### TASK DESCRIPTION
Retype the lines from the first one in the records down to the line containing "저희 헤파이스토스웍스는 3M", counting both, and leave out any pictures.

——

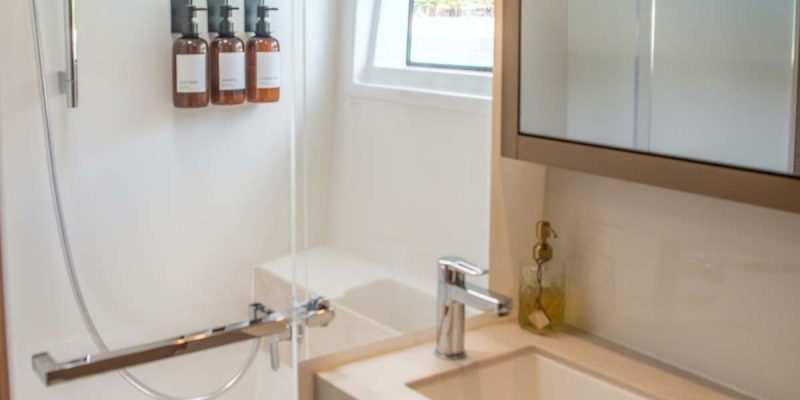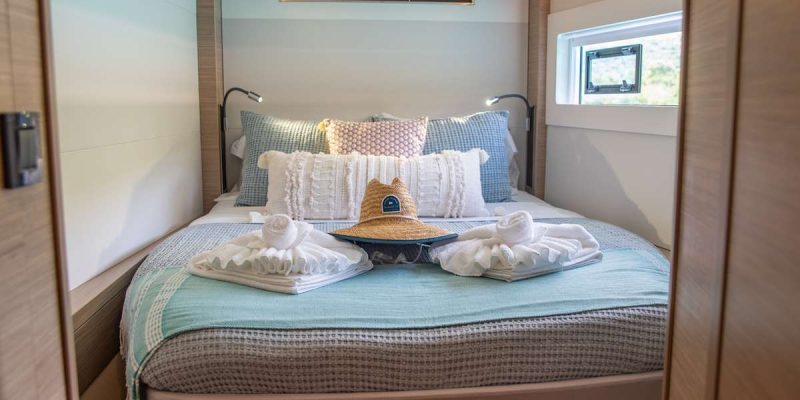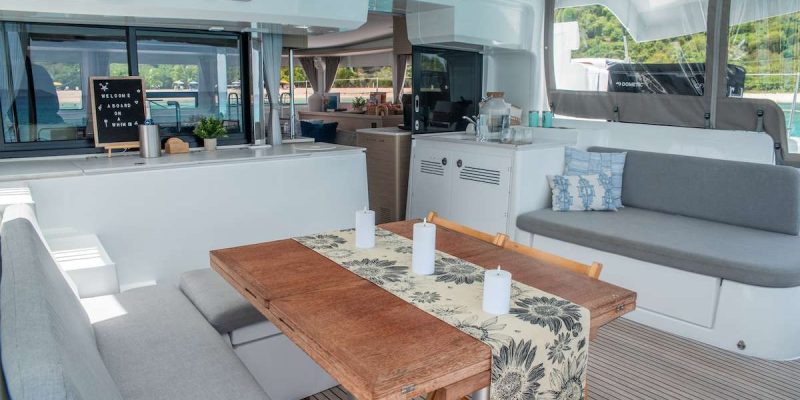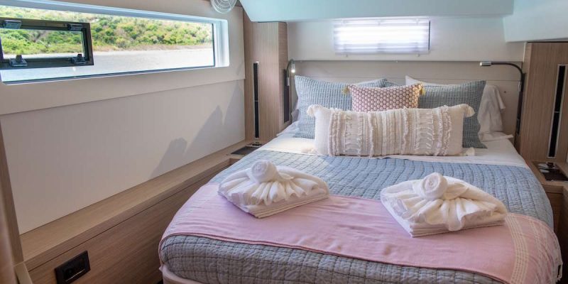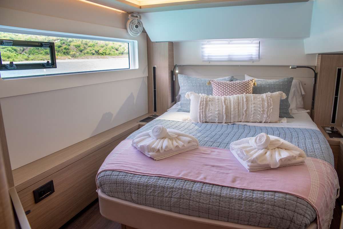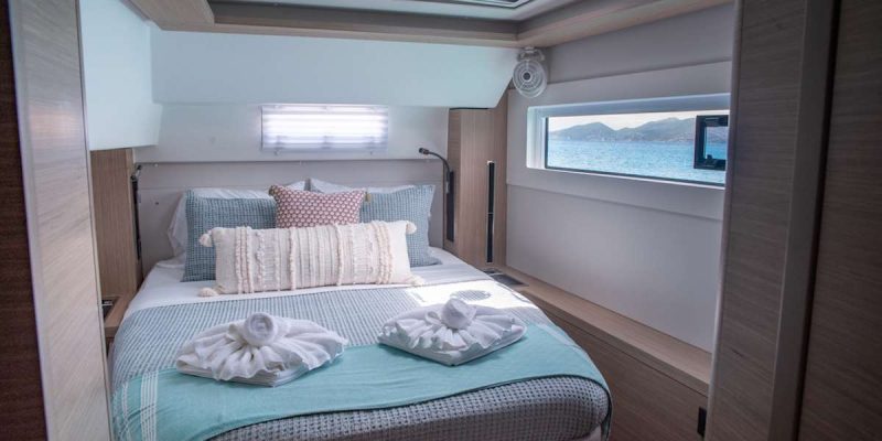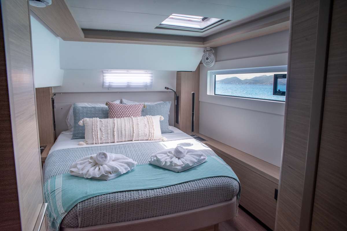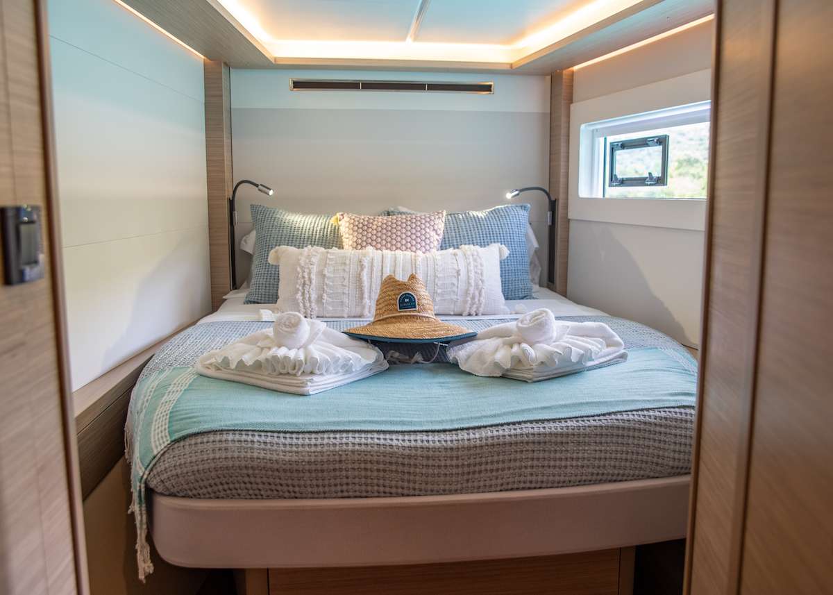 The yacht accommodates up to 6 guests in three spacious queen cabins, each with its own private en-suite bathroom, providing comfort and privacy for everyone on board. The bright and inviting salon features a contemporary design with plenty of natural light. A comfortable U-shaped sofa creates the perfect place to relax with a morning coffee while the onboard chef prepares breakfast in the well-appointed galley.
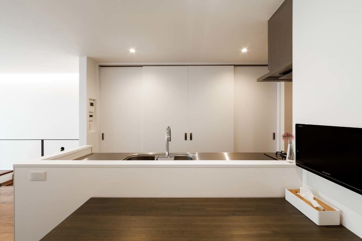 プランニングについては、狭小地でも開放的な空間をコンセプトに、ラウムハウスらしい提案の設計となっています。そして、デザイン関係のお仕事をされているお施主様の意向を反映して、内装のデザインはシンプルながら線のバランスや高さにもこだわりました。その効果もあり、全体的にすっきりと洗練されたテイストの家となっています。
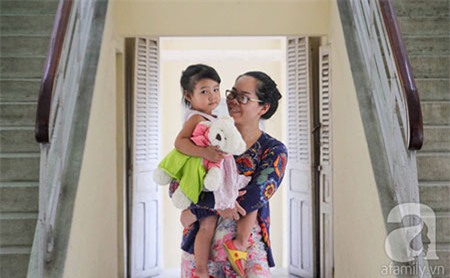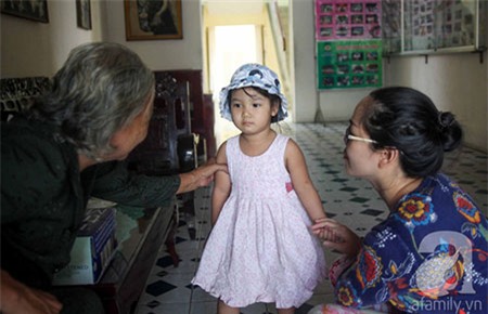 Bé Ngọc được mẹ nuôi cùng bà ngoại động viên cho bớt rụt rè. |
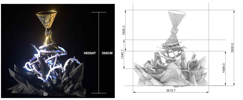 저희 헤파이스토스웍스는 3M 이상의 대형 조형물을 자체적으로 설계, 제작, 설치가 가능한 몇 안 되는 전문 제작 업체입니다. 이번 발로란트 트로피의 경우에는 클라이언트께서 제공해 주신 3D 디자인 시안을 토대로 제작 가능성, 안정성 등을 검토 후 최적의 제작 방식과 설치 작업을 안내해 드렸습니다.
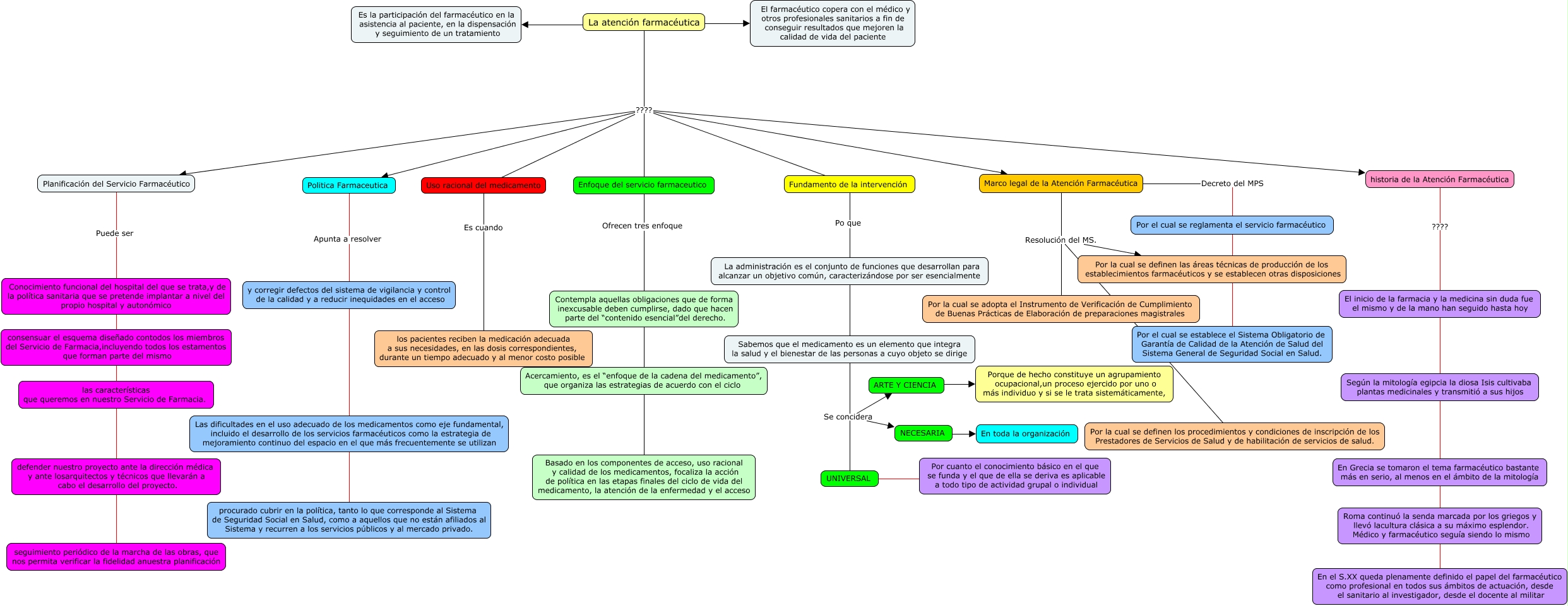 Este Cmap, tiene información relacionada con: servicio farmaceutico, historia de la Atención Farmacéutica ???? En Grecia se tomaron el tema farmacéutico bastante más en serio, al menos en el ámbito de la mitología, La atención farmacéutica ???? Uso racional del medicamento, Planificación del Servicio Farmacéutico Puede ser consensuar el esquema diseñado contodos los miembros del Servicio de Farmacia,incluyendo todos los estamentos que forman parte del mismo, La atención farmacéutica ???? El farmacéutico copera con el médico y otros profesionales sanitarios a fin de conseguir resultados que mejoren la calidad de vida del paciente, La atención farmacéutica ???? Politica Farmaceutica, Marco legal de la Atención Farmacéutica Decreto del MPS Por el cual se reglamenta el servicio farmacéutico, Fundamento de la intervención Po que Sabemos que el medicamento es un elemento que integra la salud y el bienestar de las personas a cuyo objeto se dirige, Politica Farmaceutica Apunta a resolver Las dificultades en el uso adecuado de los medicamentos como eje fundamental, incluido el desarrollo de los servicios farmacéuticos como la estrategia de mejoramiento continuo del espacio en el que más frecuentemente se utilizan, La atención farmacéutica ???? Es la participación del farmacéutico en la asistencia al paciente, en la dispensación y seguimiento de un tratamiento, La atención farmacéutica ???? Fundamento de la intervención, UNIVERSAL ???? Por cuanto el conocimiento básico en el que se funda y el que de ella se deriva es aplicable a todo tipo de actividad grupal o individual, historia de la Atención Farmacéutica ???? Roma continuó la senda marcada por los griegos y llevó lacultura clásica a su máximo esplendor. Médico y farmacéutico seguía siendo lo mismo, La atención farmacéutica ???? Enfoque del servicio farmaceutico, Planificación del Servicio Farmacéutico Puede ser las características que queremos en nuestro Servicio de Farmacia., Politica Farmaceutica Apunta a resolver y corregir defectos del sistema de vigilancia y control de la calidad y a reducir inequidades en el acceso, La atención farmacéutica ???? Planificación del Servicio Farmacéutico, Marco legal de la Atención Farmacéutica Decreto del MPS Por el cual se establece el Sistema Obligatorio de Garantía de Calidad de la Atención de Salud del Sistema General de Seguridad Social en Salud., NECESARIA ???? En toda la organización, Marco legal de la Atención Farmacéutica Resolución del MS. Por la cual se definen los procedimientos y condiciones de inscripción de los Prestadores de Servicios de Salud y de habilitación de servicios de salud., Enfoque del servicio farmaceutico Ofrecen tres enfoque Acercamiento, es el “enfoque de la cadena del medicamento”, que organiza las estrategias de acuerdo con el ciclo
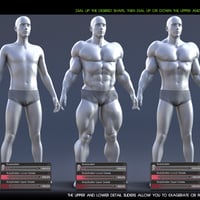 Nearly every user has the Daz 3D Body Morphs packages for their figures. Why not give it added functionality with Body Mixer. This add-on allows you to split up the iconic shapes into upper and lower areas from which you can control the strengths to your liking. You can also remove or exaggerate the shape details for the upper and lower areas, mix and match them with other shapes as well. As a bonus it also includes bend correction JCM's for the Portly and Heavy body shapes.
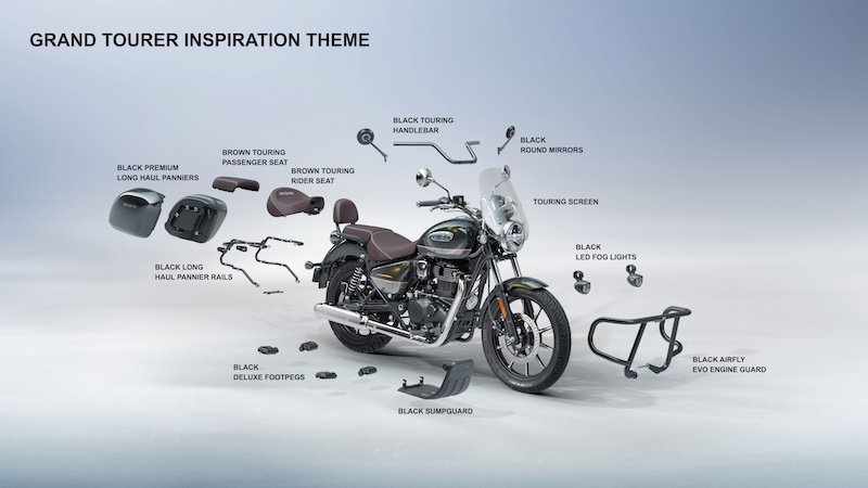 2026年モデルのMETEOR 350には、各バリエーションの個性を引き立てる純正アクセサリー「Royal Enfield Accessories」も用意しました。アクセサリーは2つのテーマで構成しました。「Urban Kit(アーバン・キット)」にはブラックのドラッグハンドルバーにブラックのバーエンドミラー、ローライダーダーシート、スモーク・フライスクリーンなどを装備。一方の「Grand Tourer Kit(グランド・ツアラー・キット)」には、ブラウンのツーリングシート、ブラックのプレミアムパニアとパニアレール、デラックスフットペグ、ブラックのツーリングハンドルバー、LEDフォグランプなどを含み、より本格的なツーリング仕様を実現します。

——

### SOLUTION
 The yacht accommodates up to 6 guests in three spacious queen cabins, each with its own private en-suite bathroom, providing comfort and privacy for everyone on board. The bright and inviting salon features a contemporary design with plenty of natural light. A comfortable U-shaped sofa creates the perfect place to relax with a morning coffee while the onboard chef prepares breakfast in the well-appointed galley.
 プランニングについては、狭小地でも開放的な空間をコンセプトに、ラウムハウスらしい提案の設計となっています。そして、デザイン関係のお仕事をされているお施主様の意向を反映して、内装のデザインはシンプルながら線のバランスや高さにもこだわりました。その効果もあり、全体的にすっきりと洗練されたテイストの家となっています。
 Bé Ngọc được mẹ nuôi cùng bà ngoại động viên cho bớt rụt rè. |
 저희 헤파이스토스웍스는 3M 이상의 대형 조형물을 자체적으로 설계, 제작, 설치가 가능한 몇 안 되는 전문 제작 업체입니다. 이번 발로란트 트로피의 경우에는 클라이언트께서 제공해 주신 3D 디자인 시안을 토대로 제작 가능성, 안정성 등을 검토 후 최적의 제작 방식과 설치 작업을 안내해 드렸습니다.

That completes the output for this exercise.